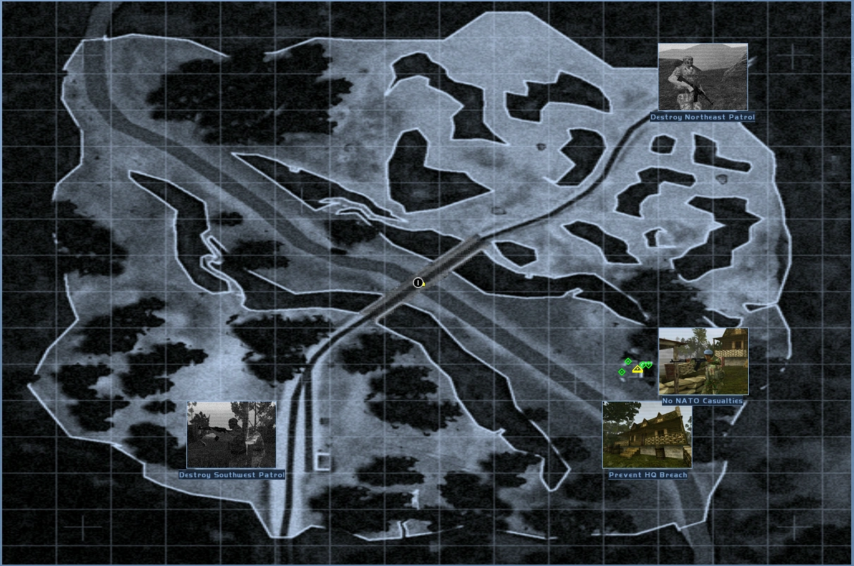 First priority is to slow down the main armored column headed for T'bilisi. We've identified an ambush point about 60 klicks west of here where the highway crosses under a rail line. A Georgian command post is nearby. If it's overrun, their entire western flank will collapse. Take out the Russian advance patrols first, then the tanks. And keep your demolitions expert under cover until you need him. Those tanks aren't going to be stopped by anything less than a rocket up the tailpipe.
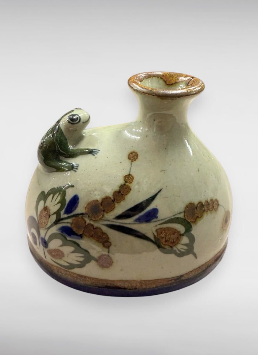 - 【NEOJI】メキシコ トナラ焼き カエル付き絵付け花瓶、フラワーベース
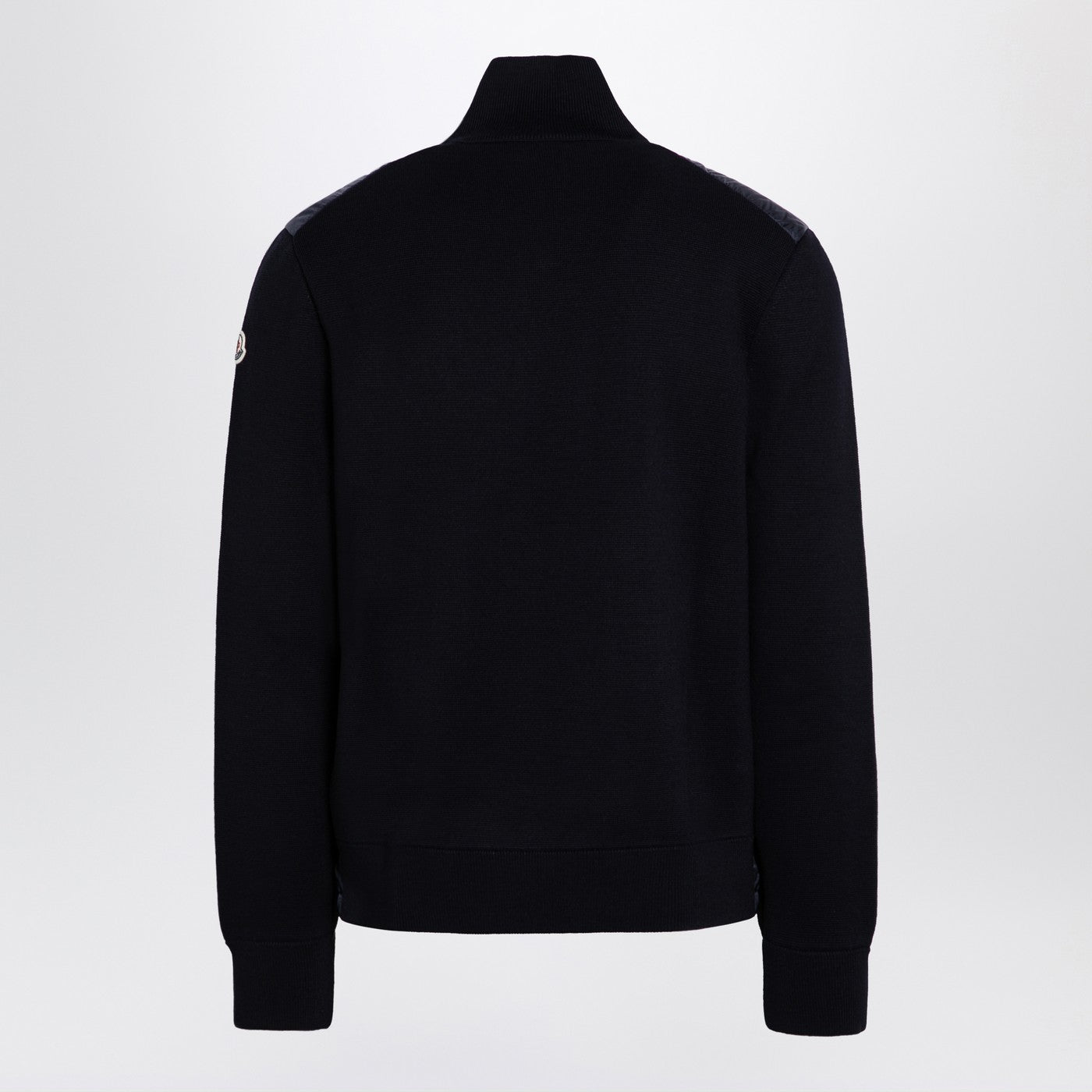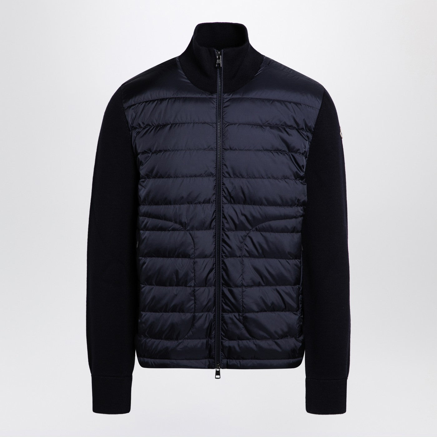 Black quilted nylon cardigan from Moncler featuring wool-blend sleeves with logo patch, double zip front fastening, high collar, side welt pockets with zip and ribbed cuffs.
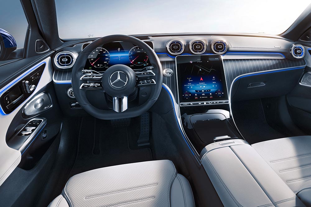 Ο λόγος για την καμπίνα της νέας Mercedes C-Class που από την πρώτη επαφή σου «κόβει» την ανάσα με τα όσα ενσωματώνει. Τι να πρωτοπούμε; Για την ποιότητα κατασκευής που είναι αψεγάδιαστη, για τα πολυτελή υλικά που αποτελείται, ή μήπως για τις ψηφιακές οθόνες για τον πίνακα οργάνων και το infotainment αντίστοιχα; Ξεκινώντας από την απαραίτητη πληροφόρηση του οδηγού, αυτός τη λαμβάνει από τον ψηφιακό πίνακα οργάνων που διαφοροποιείται ξεκάθαρα από τα παραδοσιακά cockpit με τα κλασικά, στρογγυλά όργανα, έχοντας στη διάθεσή του δυο επιλογές: μια έκδοση 10,25 ιντσών ή 12,3 ιντσών! Ο ψηφιακός και τεχνολογικός οργασμός συνεχίζεται στο κέντρο του ταμπλό που υπάρχει η κεντρική οθόνη αφής, η οποία επιτρέπει τον έλεγχο των λειτουργιών του αυτοκινήτου και μοιάζει να αιωρείται πάνω από την κονσόλα. Ως μια ενίσχυση του οδηγοκεντρικού χαρακτήρα της Mercedes C-Class, η οθόνη έχει ελαφριά κλίση προς τον οδηγό, με τη διαγώνιό της να ξεκινάει από τις 9,5 ίντσες και μπορεί να φτάσει έως και τις 11,9 ίντσες! Τα δύο άκρα του ταμπλό οργάνων πλαισιώνονται από τη σύγχρονη, εξαιρετικά λιτή σχεδίαση των επενδύσεων των θυρών. Η κεντρική επένδυση της πόρτας με ενσωματωμένο υποβραχιόνιο μετατρέπεται από κάθετη σε οριζόντια επιφάνεια. Αντανακλώντας τη σχεδίαση της κεντρικής κονσόλας, το μπροστινό τμήμα αποκτά τη μορφή ενός high-tech μεταλλικού στοιχείου, που μπορεί να χρησιμοποιηθεί ως χειρολαβή και περικλείει τα χειριστήρια των ηλεκτρικών παραθύρων.
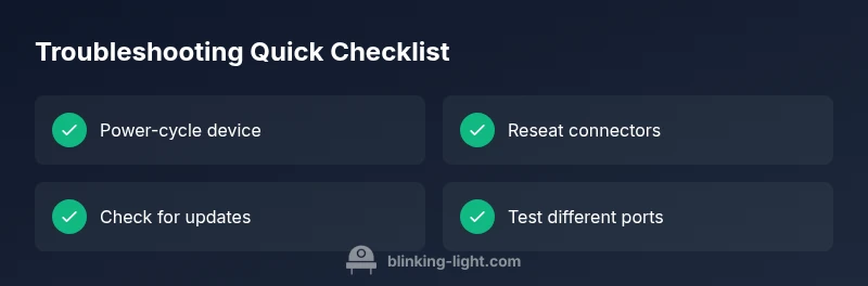 - Confirm the device is plugged into a stable outlet and that the outlet isn’t controlled by a dimmer or surge protector that could cause instability. Blinking Light analysis shows that power quality often influences indicator behavior.

* * * *

Task details |
Whenever a picture appears in the listing, leave it out; copy everything else exactly.

Task result |
 First priority is to slow down the main armored column headed for T'bilisi. We've identified an ambush point about 60 klicks west of here where the highway crosses under a rail line. A Georgian command post is nearby. If it's overrun, their entire western flank will collapse. Take out the Russian advance patrols first, then the tanks. And keep your demolitions expert under cover until you need him. Those tanks aren't going to be stopped by anything less than a rocket up the tailpipe.
 - 【NEOJI】メキシコ トナラ焼き カエル付き絵付け花瓶、フラワーベース
 Black quilted nylon cardigan from Moncler featuring wool-blend sleeves with logo patch, double zip front fastening, high collar, side welt pockets with zip and ribbed cuffs.
 Ο λόγος για την καμπίνα της νέας Mercedes C-Class που από την πρώτη επαφή σου «κόβει» την ανάσα με τα όσα ενσωματώνει. Τι να πρωτοπούμε; Για την ποιότητα κατασκευής που είναι αψεγάδιαστη, για τα πολυτελή υλικά που αποτελείται, ή μήπως για τις ψηφιακές οθόνες για τον πίνακα οργάνων και το infotainment αντίστοιχα; Ξεκινώντας από την απαραίτητη πληροφόρηση του οδηγού, αυτός τη λαμβάνει από τον ψηφιακό πίνακα οργάνων που διαφοροποιείται ξεκάθαρα από τα παραδοσιακά cockpit με τα κλασικά, στρογγυλά όργανα, έχοντας στη διάθεσή του δυο επιλογές: μια έκδοση 10,25 ιντσών ή 12,3 ιντσών! Ο ψηφιακός και τεχνολογικός οργασμός συνεχίζεται στο κέντρο του ταμπλό που υπάρχει η κεντρική οθόνη αφής, η οποία επιτρέπει τον έλεγχο των λειτουργιών του αυτοκινήτου και μοιάζει να αιωρείται πάνω από την κονσόλα. Ως μια ενίσχυση του οδηγοκεντρικού χαρακτήρα της Mercedes C-Class, η οθόνη έχει ελαφριά κλίση προς τον οδηγό, με τη διαγώνιό της να ξεκινάει από τις 9,5 ίντσες και μπορεί να φτάσει έως και τις 11,9 ίντσες! Τα δύο άκρα του ταμπλό οργάνων πλαισιώνονται από τη σύγχρονη, εξαιρετικά λιτή σχεδίαση των επενδύσεων των θυρών. Η κεντρική επένδυση της πόρτας με ενσωματωμένο υποβραχιόνιο μετατρέπεται από κάθετη σε οριζόντια επιφάνεια. Αντανακλώντας τη σχεδίαση της κεντρικής κονσόλας, το μπροστινό τμήμα αποκτά τη μορφή ενός high-tech μεταλλικού στοιχείου, που μπορεί να χρησιμοποιηθεί ως χειρολαβή και περικλείει τα χειριστήρια των ηλεκτρικών παραθύρων.
 - Confirm the device is plugged into a stable outlet and that the outlet isn’t controlled by a dimmer or surge protector that could cause instability. Blinking Light analysis shows that power quality often influences indicator behavior.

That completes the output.